Case: Myrvang v Australian Turf Club Limited [2023] NSWPIC 426

Date of Decision: 22 August 2023

Jurisdiction: Personal Injury Commission, John Isaken


The Applicant was a track rider for the Respondent.

She suffered an injury to her lower back and neck on 28 August 2018 in the course of employment. The Respondent had accepted liability for this injury.

The Applicant was incapacitated for work as a result of the injury until November 2019, but returned to work around that time. She claimed that she continued to have back pain and had used a back brace at work.

The Applicant’s whole person impairment was assessed in December 2020, resulting in an impairment of 12%.

The Applicant then sustained a further injury to her lower back on 5 January 2021. The Respondent accepted liability for this injury and the Applicant continued to receive weekly payments of compensation until 28 July 2021 when the Respondent issued a disputed Notice dated 8 July 2021. Ongoing liability was disputed on the grounds that the effects of the 5 January 2021 injury had ceased.

The Applicant claimed that she continued to suffer the effects of the work injury and that she continued to be incapacitated for work. She claimed weekly payments from 29 July 2021 until the end of the second entitlement period.

The Applicant also returned to live in Norway on 2 November 2022.


The Commission was asked to determine the following issues:

  1. Whether the Applicant continued to suffer the effects of the work injury sustained in the course of her employment with the Respondent (s 4 of the 1987 Act)
  2. The extent of any incapacity suffered by the applicant as a result of the injury to her lower back (ss 32A, 33 and 37 of the 1987 Act)
  3. Whether the applicant is entitled to receive weekly payments of compensation having ceased to reside in Australia (s 53 of the 1987 Act)

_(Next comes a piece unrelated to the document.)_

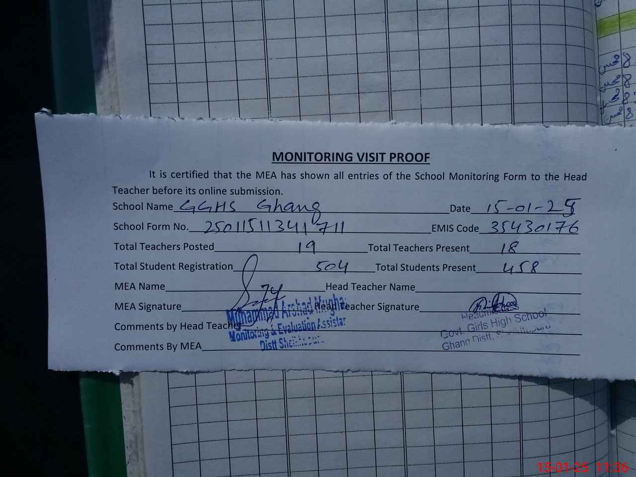 | Attendance Register | Head Teacher | MEA with School | Visit Proof |

As to the first issue, the Commission found in the Applicant’s favour and said that she continued to suffer the effects of the work injury. Crucially, the medical evidence of the Applicant (a report from the treating specialist) was preferred over that of the Respondent’s (being a report from an independent expert). The Commission’s reasoning was that the treating specialist had the benefit of reviewing the Applicant over several occasions, as opposed to the Respondent’s expert who only reviewed the applicant on one occasion. The Respondent’s expert also did not consider the opinion of the Applicant’s treating specialist, which suggested some deficiency in that expert’s opinion. Additionally, the Respondent’s expert did not make any record of the Applicant’s symptoms, only recording complaints of pain during examination. These factors ultimately led the Commission to prefer other medical evidence.

As to the second issue, the Commission determined that the Certificates of Capacity issued from at least the middle of 2022 until October 2023, which certified the Applicant has having no capacity for work, was not consistent with what the Applicant was doing during that period. The Applicant was then able to participate in tertiary education, and had the ability to read, take notes, use a computer and prepare written material for assessment. Accordingly, the Commission determined that the Applicant had at least some capacity to do work of a clerical or administrative nature during that period. It was determined that Applicant had no capacity from 29 July 2021 to 19 September 2021, but she had partial incapacity between 1 October 2021 and 30 June 2022.  The Applicant’s awards for weekly payments of compensation were adjusted to reflect her retained earning capacity.

As to the third issue, the Respondent argued that the Applicant could not receive the benefit of s 53 because she had not made her application before she left Australia. The Commission however, determined that s 53 sought to address whether a worker would continue to receive the weekly payment once the worker has left Australia and is able to establish permanent incapacity. In the circumstances, s 53 had no effect on the workers award of weekly payments.

Key Lessons for Employers & Insurers

  1. According to ‘Procedural Direction PIC- Expert Witness Evidence’, an expert’s written report should include (among others), “the facts, matters and assumptions on which the opinions in the report are based”. Extra care should be taken to ensure that an expert has had consideration of all available medical evidence, so that the expert’s evidence is neither lacking in factual foundations, nor based on incorrect information or assumptions. Where an expert has not properly considered all available evidence, supplementary opinions should be sought. Additionally, one should not underestimate the utility in having a worker examined by the same expert over multiple occasions.
  2. Case managers and rehabilitation providers should be involved in case management and question treaters, especially when a worker’s certified capacity has changed for the worse in the absence of any intervening events or degenerative conditions. It is imperative that treaters explain the rationale for any change in certification or treatment recommendations so that a full appreciation of a worker’s condition can be had, which will assist in tailoring medical treatment and vocational rehabilitation to fit the circumstances of the worker.
  3. There is no procedural requirement under s 53 of the Act for workers to prove their permanent incapacity prior to their departure from Australia. If a worker’s incapacity is of a permanent nature and they have left Australia, they remain entitled to receive weekly payments of compensation.


Contributor: Justin Heng

The material contained in this publication is in the nature of general comment only, and neither purports nor is intended to be advice on any particular matter. No reader should act on the basis of any matter contained in this publication without considering, and if necessary, taking appropriate professional advice upon their own particular circumstances.